Posts Tagged ‘Pol Perritt’

Before the Sox Turned Black: Games 1 and 2

June 22, 2017

The first two games of the 1917 World Series were played in Comiskey Park. The local White Sox had broken through to win their first pennant since 1906. They faced the New York Giants who were back in the Series for the first time since 1912.

Game 1, 6 October 1917

Eddie Cicotte

For the opening game, the Chisox sent ace Eddie Cicotte to the mound to face John McGraw’s Giants. New York countered with Slim Sallee. The game turned into a great pitchers duel.

Although a few men reached base, no one scored for the first two and a half inning. The White Sox broke through in the bottom of the frame that began with an out. Pitcher Cicotte singled, then was erased trying to go to third on a Shano Collins single. A great throw by Giants right fielder Dave Robertson nailed him, but it allowed Collins to move up to second. A Fred McMullin double plated Collins with the first run of the Series. In the bottom of the fourth Chicago tacked on another run on a Happy Felsch home run.

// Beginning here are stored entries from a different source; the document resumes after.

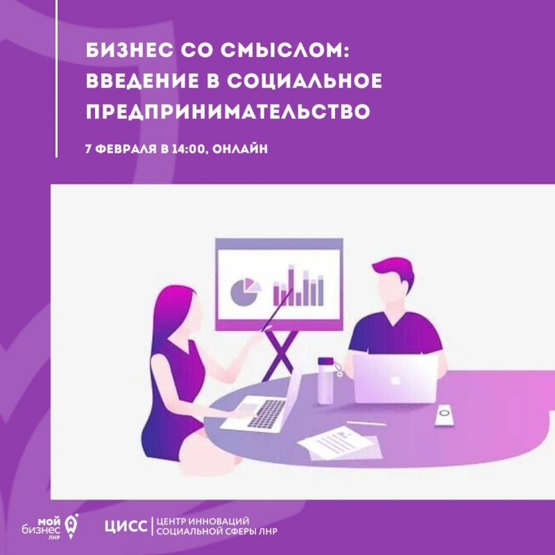 7 февраля в 14:00 Центр инноваций социальной сферы ЛНР проведет онлайн-встречу "Бизнес со смыслом: введение в социальное предпринимательство". Спикером встречи выступит заместитель руководителя центра консультирования и государственной поддержки Агентства развития бизнеса Калужской области Туманова Анна Владимировна.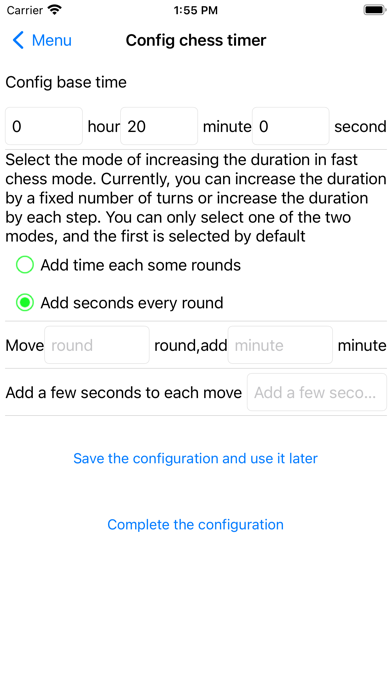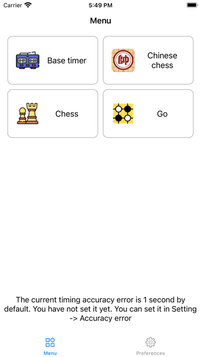 The chess clock, also known as the fast chess timer, is usually used to limit the player's time in official matches. Chess clocks are generally mechanical or electronic electronic tools, with a certain weight and inconvenience, and different chess types, timing rules are also different. This chess clock app includes the timing rules of the three most mainstream chess types of Chinese chess, chess and Go. Powerful, support device horizontal and vertical screen rotation. When you need to play fast chess with your friends, you don't need a chess clock, just pull out your mobile phone and quickly play a fast chess game.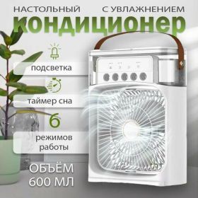 Увлажнитель воздуха — это полезное решение для создания уютной атмосферы в доме. Этот увлажнитель сочетает в себе две важные функции: увлажнитель и вентилятор-кондиционер для воздуха, что делает его незаменимым помощником в повседневной жизни. С бесшумной работой освежитель позволяет насладиться комфортным микроклиматом в доме. Увлажнение воздуха помогает поддерживать оптимальный уровень влажности, что особенно важно в помещениях, особенно в отопительный период. Объем резервуара позволяет использовать мини увлажнитель до 6 часов, что делает его использование практичным. Таким образом, мини кондиционер увлажнитель можно использовать в спальне, гостиной или детской. Настольный увлажнитель легко подключается к сети, а его стильный дизайн гармонично впишется в любой интерьер. Этот электрический вентилятор увлажнитель станет прекрасным дополнением для дома, создавая атмосферу уюта и спокойствия.

Down 2-0 New York struck in the top of the fifth. Lew McCarthy led off the inning with a triple. Pitcher Sallee then singled to bring him home with the Giants initial run of the Series. A double play and strikeout got Cicotte out of the inning without further damage.

And that ended the scoring. Both pitchers continued to record out after out through the sixth, seventh, and eighth innings. There were a couple of hits but no one motored beyond second. In the ninth the Giants went down in order and Chicago went up one game in the Series by a 2-1 score.

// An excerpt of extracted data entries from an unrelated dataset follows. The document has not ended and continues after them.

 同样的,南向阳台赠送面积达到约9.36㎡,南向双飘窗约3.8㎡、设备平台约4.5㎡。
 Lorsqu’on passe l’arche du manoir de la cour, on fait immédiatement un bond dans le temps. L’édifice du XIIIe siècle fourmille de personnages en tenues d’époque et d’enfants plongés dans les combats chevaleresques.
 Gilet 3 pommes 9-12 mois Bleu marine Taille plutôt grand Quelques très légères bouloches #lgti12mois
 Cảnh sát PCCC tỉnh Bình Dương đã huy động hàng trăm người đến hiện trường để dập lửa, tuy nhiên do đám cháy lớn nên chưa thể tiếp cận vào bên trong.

Both pitchers were stellar. For the win Cicotte gave up seven hits, a walk, and the single run. Sallee was almost as good. He gave up seven hits also, but didn’t walk anyone. The difference was the Felsch homer.

 

Game 2, 7 October 1917

Red Faber

If game one was a well pitched duel, game 2 wasn’t. The Sox sent future Hall of Famer Red Faber to the mound. The Giants countered with Ferdie Schupp.

Both pitchers had trouble initially. In the top of the second consecutive singles by Dave Robertson and Walter Holke put men on first and second with one out. A Lew McCarthy single to left scored both runs.

Chicago replied in the bottom of the second with four singles in a row.  Joe Jackson led off the inning with a single, Happy Felsch moved him to second, and Chick Gandil brought him home with the third single. Another single by Buck Weaver scored Felsch and evened the score at 2-2. A Ray Schalk bunt was unsuccessful with Gandil being out at third, but Schupp then walked Faber to reload the bases. That brought out McGraw for a pitching change. Fred Anderson, the new pitcher, picked up a strikeout, then saw a grounder to short get New York out of the jam.

It was the highpoint for Anderson. In the fourth the White Sox took his measure and put up four runs. Two singles, an out, and two more singles brought in two more runs and ran Anderson. McGraw brought in Pol Perritt to pitch. He was met by singles by Eddie Collins and Jackson that sent three more runners across home plate to make the score 7-2.

Meanwhile, Faber had settled down after the second inning and was setting down the Giants. For the game he gave up eight hits and walked one (the walk came in the eighth). After the second inning, no Giant got beyond second. By the end, Faber had his complete game victory and the White Sox were up two games to none in the Series.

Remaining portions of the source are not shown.